TASK DATA:
***
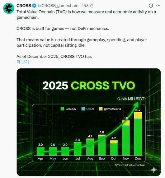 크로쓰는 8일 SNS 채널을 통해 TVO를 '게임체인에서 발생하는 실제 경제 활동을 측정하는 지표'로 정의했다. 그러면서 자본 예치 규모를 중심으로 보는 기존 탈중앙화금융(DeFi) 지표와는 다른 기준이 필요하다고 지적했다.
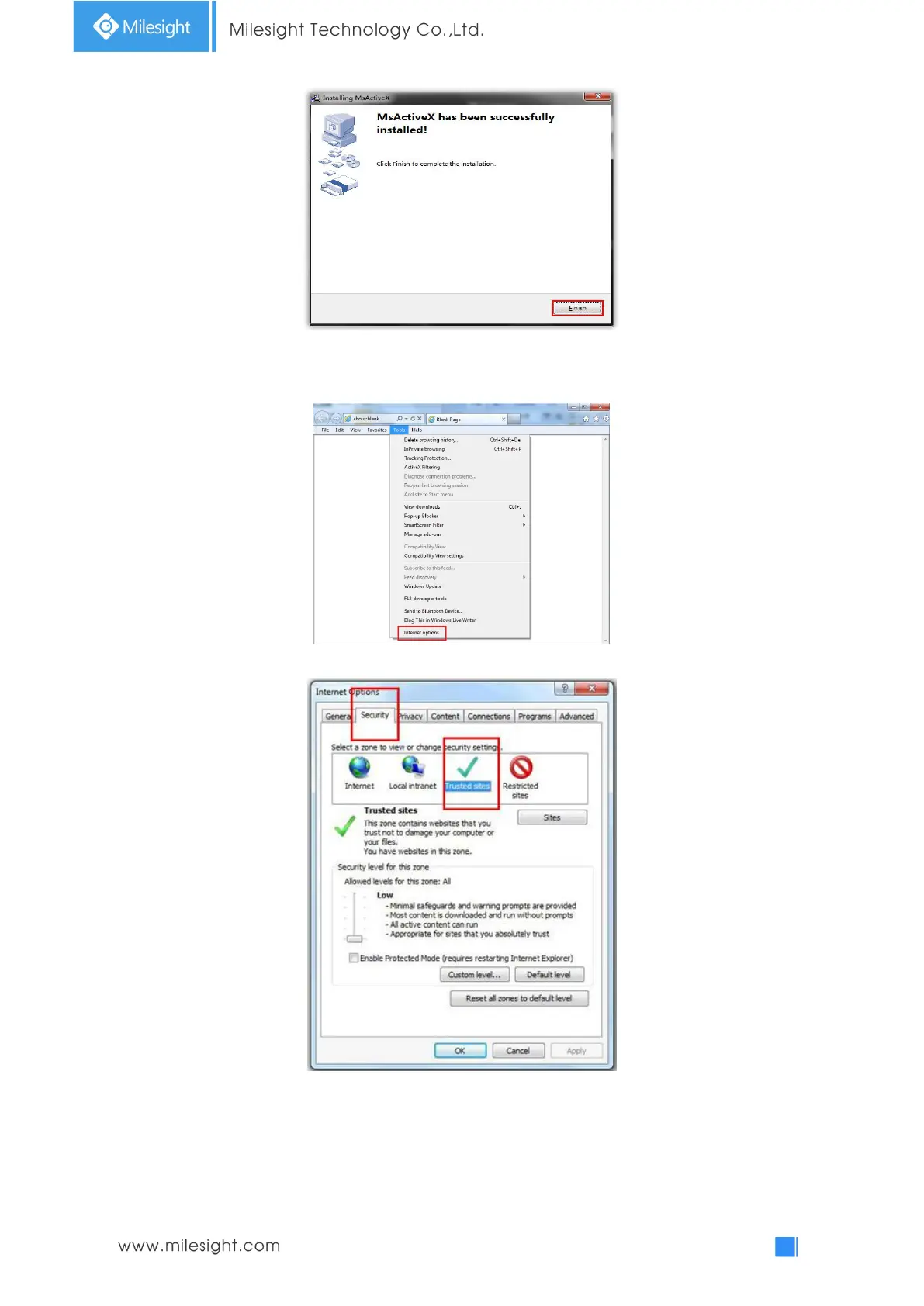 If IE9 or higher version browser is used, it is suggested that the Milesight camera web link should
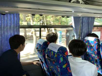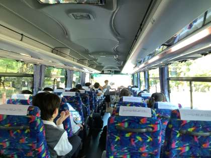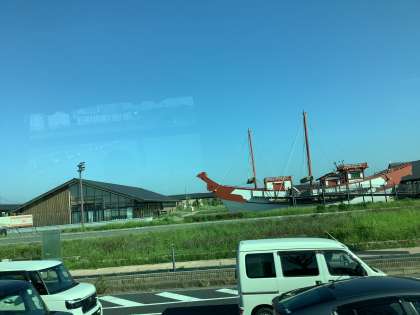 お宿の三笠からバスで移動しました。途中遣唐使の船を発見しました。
***
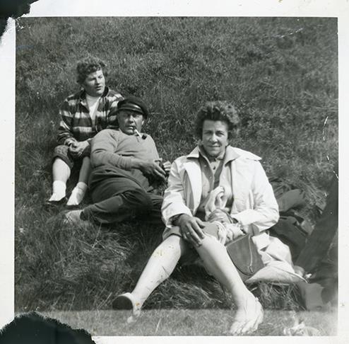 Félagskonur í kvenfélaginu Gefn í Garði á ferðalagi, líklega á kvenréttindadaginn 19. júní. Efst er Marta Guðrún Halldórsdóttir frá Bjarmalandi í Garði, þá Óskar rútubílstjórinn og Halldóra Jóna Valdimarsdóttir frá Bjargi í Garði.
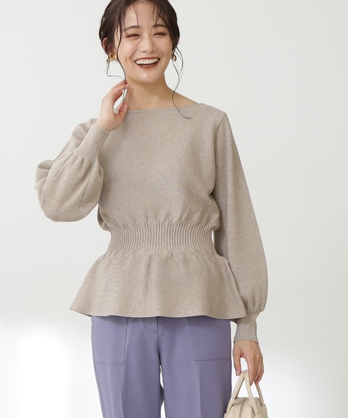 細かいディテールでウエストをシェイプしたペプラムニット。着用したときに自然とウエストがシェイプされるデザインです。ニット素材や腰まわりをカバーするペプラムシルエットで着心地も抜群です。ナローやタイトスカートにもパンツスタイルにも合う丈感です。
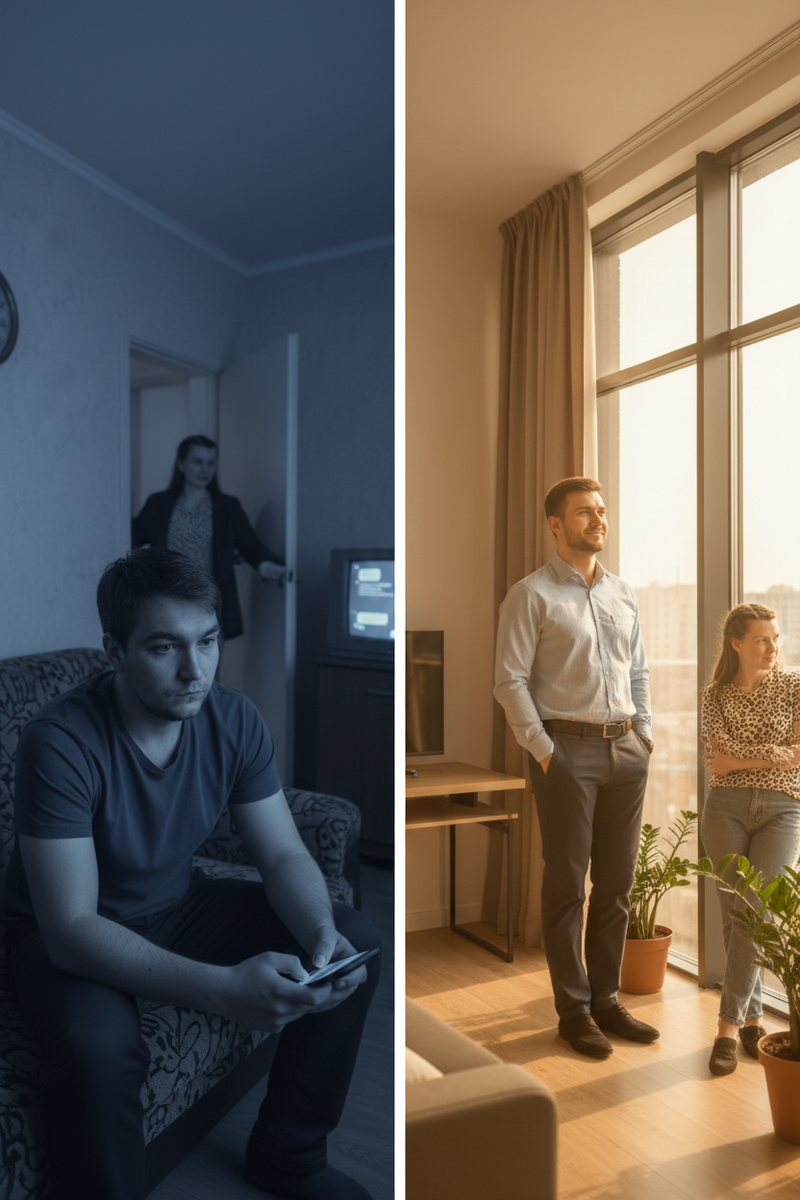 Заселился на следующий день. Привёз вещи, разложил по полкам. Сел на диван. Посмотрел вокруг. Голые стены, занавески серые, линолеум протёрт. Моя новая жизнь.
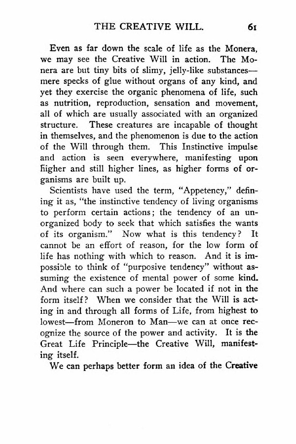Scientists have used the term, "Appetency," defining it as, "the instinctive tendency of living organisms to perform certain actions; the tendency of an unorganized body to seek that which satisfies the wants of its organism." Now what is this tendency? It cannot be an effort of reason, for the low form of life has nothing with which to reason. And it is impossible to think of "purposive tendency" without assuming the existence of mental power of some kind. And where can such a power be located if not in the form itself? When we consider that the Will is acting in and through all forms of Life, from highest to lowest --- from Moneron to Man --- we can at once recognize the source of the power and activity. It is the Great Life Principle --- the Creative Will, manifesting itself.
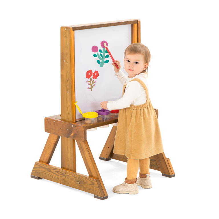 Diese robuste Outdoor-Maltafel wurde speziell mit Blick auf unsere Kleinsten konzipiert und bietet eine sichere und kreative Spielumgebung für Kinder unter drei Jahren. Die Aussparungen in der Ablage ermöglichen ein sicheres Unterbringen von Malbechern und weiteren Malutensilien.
***
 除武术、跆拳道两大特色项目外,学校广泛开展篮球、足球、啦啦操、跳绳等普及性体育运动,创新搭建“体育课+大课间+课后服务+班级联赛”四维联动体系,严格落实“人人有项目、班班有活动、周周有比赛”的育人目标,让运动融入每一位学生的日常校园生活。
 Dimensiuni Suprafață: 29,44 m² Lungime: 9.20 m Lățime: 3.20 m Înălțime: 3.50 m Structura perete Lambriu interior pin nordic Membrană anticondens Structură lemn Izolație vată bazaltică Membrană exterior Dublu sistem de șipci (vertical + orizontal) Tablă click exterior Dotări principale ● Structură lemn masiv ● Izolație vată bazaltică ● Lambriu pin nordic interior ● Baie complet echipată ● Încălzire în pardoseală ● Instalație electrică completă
***
ASSIGNMENT: Above are some records; quote exactly and only the lines that begin at the line containing "Félagskonur í kvenfélaginu" and stop after the line containing "Diese robuste Outdoor-Maltafel", leaving out the pictures.

RESPONSE TO THE TASK:
 Félagskonur í kvenfélaginu Gefn í Garði á ferðalagi, líklega á kvenréttindadaginn 19. júní. Efst er Marta Guðrún Halldórsdóttir frá Bjarmalandi í Garði, þá Óskar rútubílstjórinn og Halldóra Jóna Valdimarsdóttir frá Bjargi í Garði.
 細かいディテールでウエストをシェイプしたペプラムニット。着用したときに自然とウエストがシェイプされるデザインです。ニット素材や腰まわりをカバーするペプラムシルエットで着心地も抜群です。ナローやタイトスカートにもパンツスタイルにも合う丈感です。
 Заселился на следующий день. Привёз вещи, разложил по полкам. Сел на диван. Посмотрел вокруг. Голые стены, занавески серые, линолеум протёрт. Моя новая жизнь.
Scientists have used the term, "Appetency," defining it as, "the instinctive tendency of living organisms to perform certain actions; the tendency of an unorganized body to seek that which satisfies the wants of its organism." Now what is this tendency? It cannot be an effort of reason, for the low form of life has nothing with which to reason. And it is impossible to think of "purposive tendency" without assuming the existence of mental power of some kind. And where can such a power be located if not in the form itself? When we consider that the Will is acting in and through all forms of Life, from highest to lowest --- from Moneron to Man --- we can at once recognize the source of the power and activity. It is the Great Life Principle --- the Creative Will, manifesting itself.
 Diese robuste Outdoor-Maltafel wurde speziell mit Blick auf unsere Kleinsten konzipiert und bietet eine sichere und kreative Spielumgebung für Kinder unter drei Jahren. Die Aussparungen in der Ablage ermöglichen ein sicheres Unterbringen von Malbechern und weiteren Malutensilien.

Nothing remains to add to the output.